Copy nothing but the text: reproduce each line of the listing exactly and leave the pictures out.

Exercise data:
....

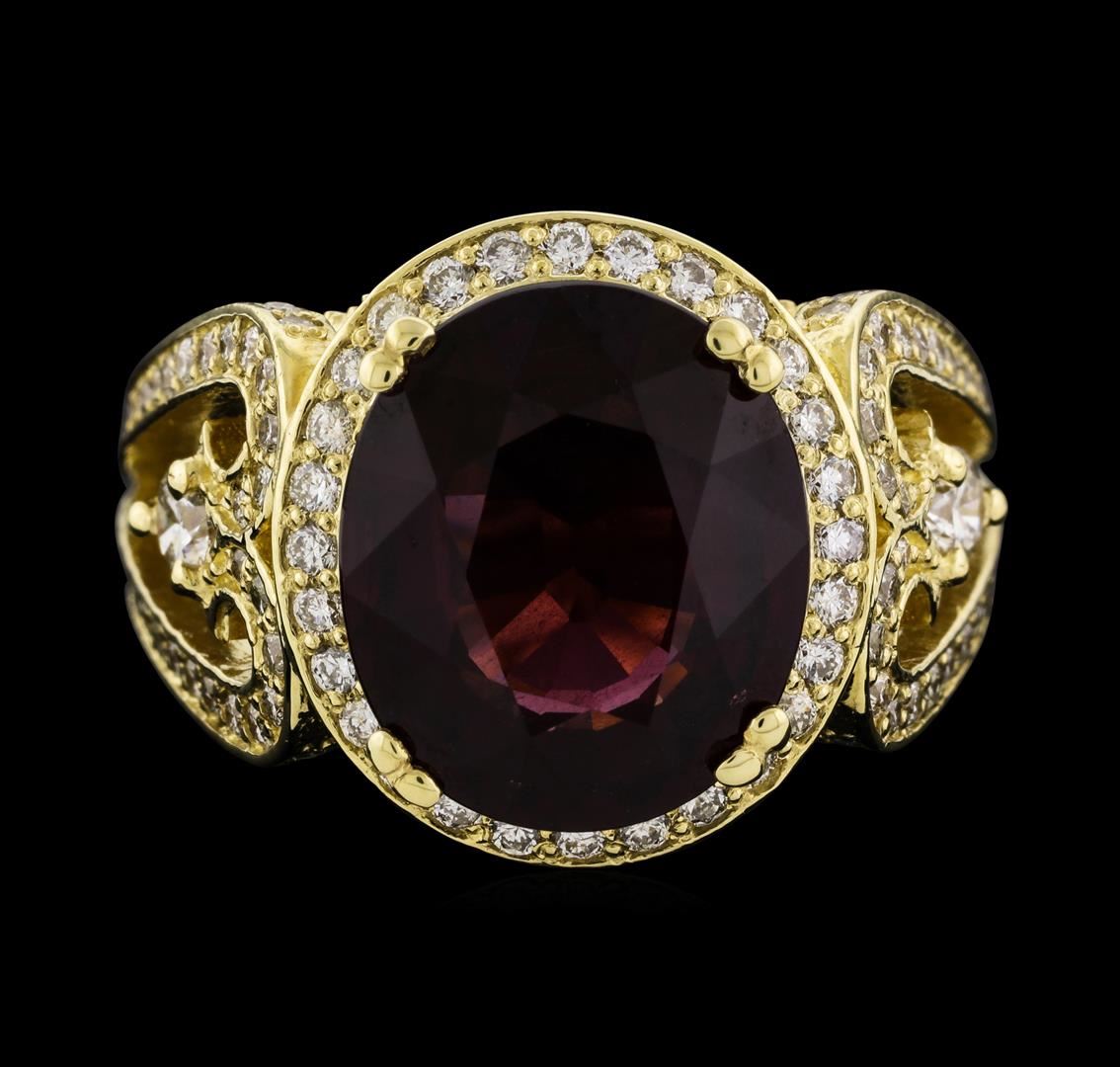 One electronically tested 14KT yellow gold lady's cast fashion ring with a cathedral split shank with a bright polish with milgrain detailing finish. The featured lady's ring has a shank measuring 3.70 millimeters wide. Identified with markings of '14K'. Condition is new, good workmanship. Containing: Four prong set round brilliant cut diamonds, measuring 3.20 - 3.10 x 1.95mm (depth est.) approximate total weight of 4 Stones = 0.50ct. Graded in the setting. Clarity SI-1. Color: H - I Cut Good One Hundred Eight prong set round brilliant cut diamonds, measuring 1.30 - 1.15 x 0.76mm (depth est.) approximate total weight of 108 Stones = 0.76ct. Graded in the setting. Clarity VS-2 to SI-2. Color: G - H Cut Good One prong set oval modified mixed cut natural rhodolite garnet, measuring 12.61 x 10.76 x 6.15mm, (depth est.) 10%. bulge factor, approximate weight of 7.38ct., clarity is eye clean, medium, moderately strong, strongly purplish red color, (GIA stpR 5/4), cut is very good. Transmitting light with no distortion, transparent. Colored gemstones are presumed to have been subjected to commonly used enhancement processes. Graded in the setting. Total Weight of Colored Stones 7.38ct.. Total Weight of Diamonds 1.26ct.. Total Weight of Ring 11.00gm. GAS Appraised at $7,090.00.
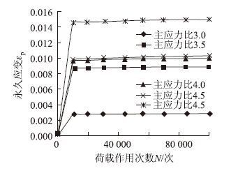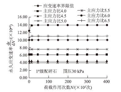 由图 5看出,在围压30 kPa和加载主应力比分别为6.5和6.0时,1#级配碎石的永久应变速率均已超过了1×10-8,即粒料的永久变形已经由A区(塑性安定状态)发展到了B区(塑性蠕变状态),此种状况不符合在A区内建立粒料基层永久变形控制模型的原则,予以舍弃;当主应力比小于6.0时,各种加载路径下的永久应变速率即使在荷载作用次数达到4 000万次的时候,仍然小于1×10-8,粒料的永久变形始终处于A区(塑性安定状态)内,由此判断A区向B区过渡时的临界主应力比为6.0。因此,只有当主应力比小于等于5.5时,粒料的永久变形才处于塑性安定状态,即A区内。
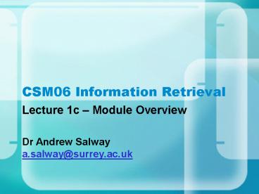 <Notice: Removed> CSM06 Information Retrieval PowerPoint PPT Presentation

....

Your solution:
 One electronically tested 14KT yellow gold lady's cast fashion ring with a cathedral split shank with a bright polish with milgrain detailing finish. The featured lady's ring has a shank measuring 3.70 millimeters wide. Identified with markings of '14K'. Condition is new, good workmanship. Containing: Four prong set round brilliant cut diamonds, measuring 3.20 - 3.10 x 1.95mm (depth est.) approximate total weight of 4 Stones = 0.50ct. Graded in the setting. Clarity SI-1. Color: H - I Cut Good One Hundred Eight prong set round brilliant cut diamonds, measuring 1.30 - 1.15 x 0.76mm (depth est.) approximate total weight of 108 Stones = 0.76ct. Graded in the setting. Clarity VS-2 to SI-2. Color: G - H Cut Good One prong set oval modified mixed cut natural rhodolite garnet, measuring 12.61 x 10.76 x 6.15mm, (depth est.) 10%. bulge factor, approximate weight of 7.38ct., clarity is eye clean, medium, moderately strong, strongly purplish red color, (GIA stpR 5/4), cut is very good. Transmitting light with no distortion, transparent. Colored gemstones are presumed to have been subjected to commonly used enhancement processes. Graded in the setting. Total Weight of Colored Stones 7.38ct.. Total Weight of Diamonds 1.26ct.. Total Weight of Ring 11.00gm. GAS Appraised at $7,090.00.
 由图 5看出,在围压30 kPa和加载主应力比分别为6.5和6.0时,1#级配碎石的永久应变速率均已超过了1×10-8,即粒料的永久变形已经由A区(塑性安定状态)发展到了B区(塑性蠕变状态),此种状况不符合在A区内建立粒料基层永久变形控制模型的原则,予以舍弃;当主应力比小于6.0时,各种加载路径下的永久应变速率即使在荷载作用次数达到4 000万次的时候,仍然小于1×10-8,粒料的永久变形始终处于A区(塑性安定状态)内,由此判断A区向B区过渡时的临界主应力比为6.0。因此,只有当主应力比小于等于5.5时,粒料的永久变形才处于塑性安定状态,即A区内。
 <Notice: Removed> CSM06 Information Retrieval PowerPoint PPT Presentation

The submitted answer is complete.